*Assignment*. Copy the data exactly. Images are the one exception.

*Supplied material*.
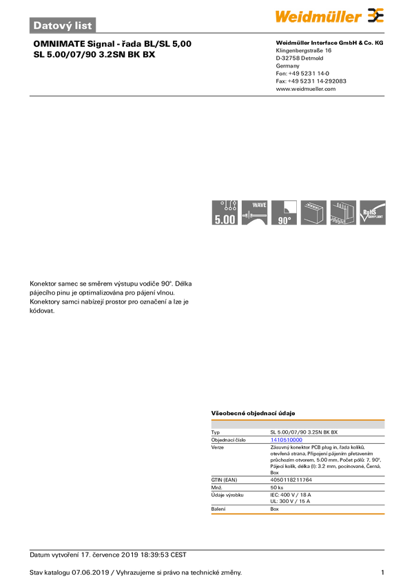 Weidmüller 1410510000 Obudowa złącza pin męskiego na PCB SL 5.00/07/90 3.2SN BK BX, 50 szt.
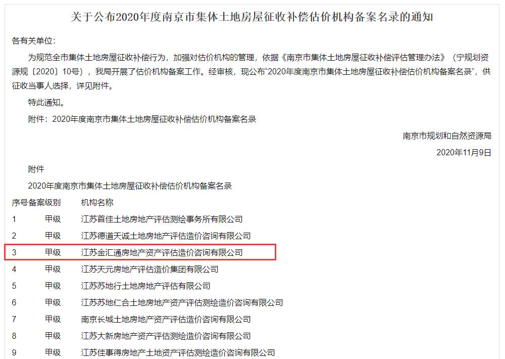 我公司成功入选2020年度南京市集体土地房屋征收补偿估价机构备案名录
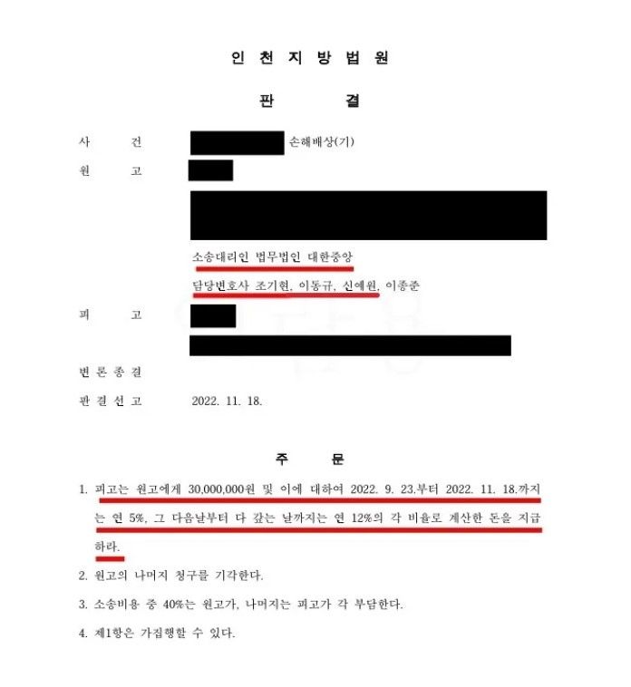 재판부는 조기현변호사의 주장을 받아들여 피고에게 의뢰인을 상대로 3,000만원의 손해를 배상할 것을 결정하였습니다. 이후 기일에 따라 배상이 모두 이루어지지 않으면 12% 이자도 지급할 것을 동시에 명하였습니다.
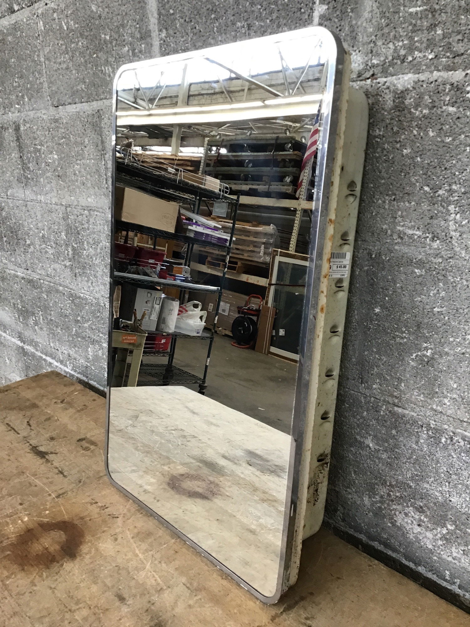 This is a vintage steel medicine cabinet with one flush pane of mirror. Does not come with glass shelves.

*Answer to this task*.
 Weidmüller 1410510000 Obudowa złącza pin męskiego na PCB SL 5.00/07/90 3.2SN BK BX, 50 szt.
 我公司成功入选2020年度南京市集体土地房屋征收补偿估价机构备案名录
 재판부는 조기현변호사의 주장을 받아들여 피고에게 의뢰인을 상대로 3,000만원의 손해를 배상할 것을 결정하였습니다. 이후 기일에 따라 배상이 모두 이루어지지 않으면 12% 이자도 지급할 것을 동시에 명하였습니다.
 This is a vintage steel medicine cabinet with one flush pane of mirror. Does not come with glass shelves.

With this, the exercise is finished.